Mathers Foundation Grant Fuels Study of Parkinson’s-associated Genes

The G. Harold and Leila Y. Mathers Foundation has awarded a three-year grant to a team of researchers at the Massachusetts Institute of Technology’s  (MIT) Picower Institute for Learning and Memory to screen for genes that may be key for brain cells to resist Parkinson’s disease-associated neurodegeneration.

The grant, which began Jan. 1, was awarded to principal investigator Myriam Heiman, PhD, an associate professor in the department of brain and cognitive sciences and a core member of The Picower Institute and the Broad Institute of MIT and Harvard.

“I’m extremely grateful for this generous support and recognition of our work from the Mathers Foundation, and hope that our study will elucidate new therapeutic targets for the treatment and even prevention of Parkinson’s disease,” Heiman said in a press release.

Parkinson’s is characterized by a gradual loss of dopamine-producing neurons in the substantia nigra (a brain region that controls movement and balance),  leading to severe motor impairments. Dopamine is a chemical messenger (neurotransmitter) that allows communication between nerve cells (neurons).

However, what makes these cells more vulnerable to the disease’s damage remains largely unknown, as well as the molecular mechanisms that characterize neurodegeneration-resistant neurons.

“There is currently no molecular explanation for the brain cell loss seen in Parkinson’s disease or a cure for this devastating disease,” Heiman said.

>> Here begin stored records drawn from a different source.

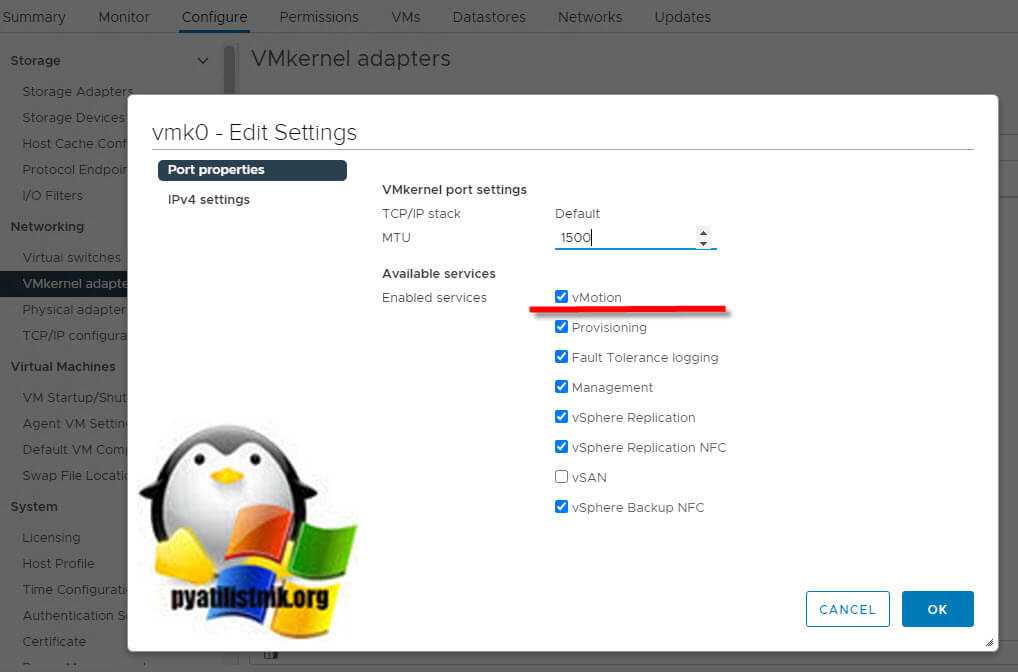 Далее вам остается просто активировать на данном VMkernel нужную галку «vMotion». Так, что если вы до этого не знали, где активируется vMotion в vCenter 7, то вам придется попотеть в поисках данной кнопки.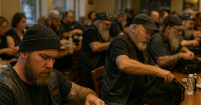 Двадесет мотористи влязоха в ресторанта. Кожени якета, татуировки, бради, тежката миризма на бензин и бира – появата им предизвика мигновена тишина. Клиентите замръзнаха, някои дори се изправиха, готвейки се да избягат. Собственичката на ресторанта, бледа, се опита да се приближи до тях, но гласът ѝ трепереше.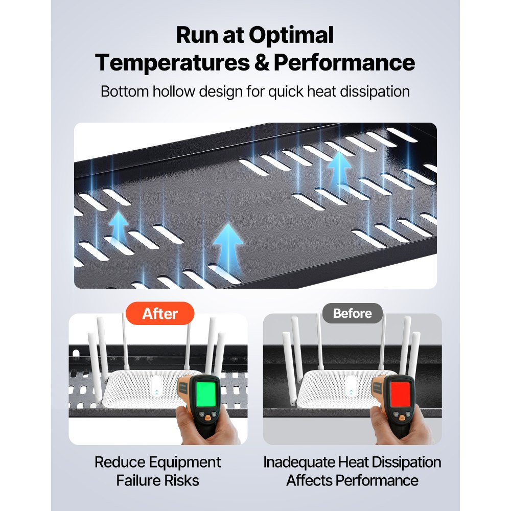 Optymalna wentylacja: Dzięki wentylowanej podstawie nasza półka rackowa skutecznie obniża temperaturę urządzeń, zapewniając stabilną pracę i zmniejszając ryzyko awarii. Zapewnij płynną pracę urządzeń i dłuższą żywotność.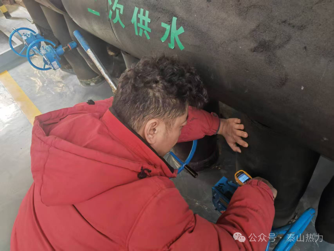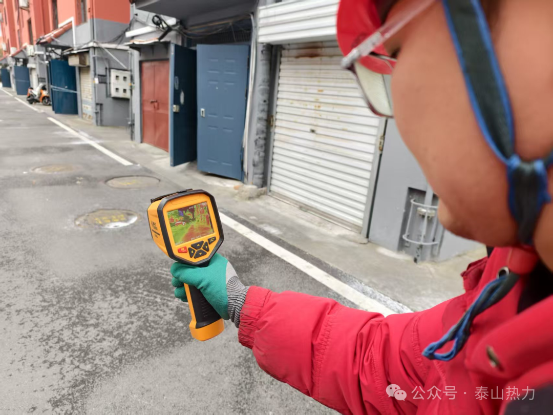 面对突如其来的降雪,泰山城区热力有限公司第一时间增加巡查频率,组织专业巡检队伍对供热管网、换热站等关键设施进行全面排查。巡检人员不畏严寒,顶风冒雪,穿梭在城市的大街小巷,采用“一看、二扫、三检测”的方法,对重点管线进行细致排查。一旦发现地表有融雪、冒热气或井返热气等现象,立即利用听筒、热成像仪、无人机等先进工具确定漏点,并迅速组织抢修,确保供热安全无虞。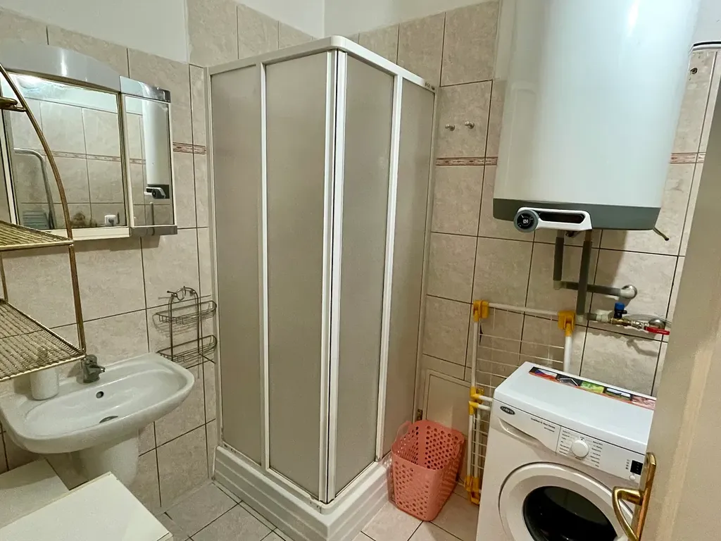 V pokoji je k dispozici sedačka, patrová postel, prostorné vestavné skříně a další základní nábytek. Koupelna se sprchovým koutem, pračkou a bojlerem. WC samostatné. Okna jsou do klidné ulice. Vytápění plynové WAW. Podlahy plovoucí a dlažba. K bytu dále náleží sklepní kóje 2 m2 v suterénu domu.

To help fill this knowledge gap, Heiman and her team will search for genes that allow neurons to resist the cellular and molecular changes driven by Parkinson’s disease in mouse models of the disease.

Such genes will be identified through an innovative method that involves turning off, one by one, each of the 22,000 genes that are active in the mouse brain, in neurons from Parkinson’s mouse models and healthy mice.

This will allow researchers to determine which genes, when missing, contribute to neuronal death, and are therefore essential for neuron survival. The products of these genes then can be evaluated as potential therapeutic targets for Parkinson’s.

This technology was used previously by Heiman’s team to discover genes that promoted neuron survival in Huntington’s disease, another neurodegenerative disorder in which a specific population of dopamine-receiving neurons is particularly vulnerable.

With the new award, the team will use the method to study Parkinson’s disease.

“This award will allow us to perform unbiased, genome-wide genetic screens in the brains of mouse models of Parkinson’s disease, probing for genes that allow brain cells to survive the effects of cellular perturbations associated with Parkinson’s disease,” Heiman said.

The foundation awarded another three-year grant to a team of researchers at MIT’s McGovern Institute who will map changes in brain’s gene activity in response to addictive substances or medicines. Notably, dopamine also is involved in the processes that allow a person to learn which behaviors and contexts lead to reward, which are hijacked by addictive drugs.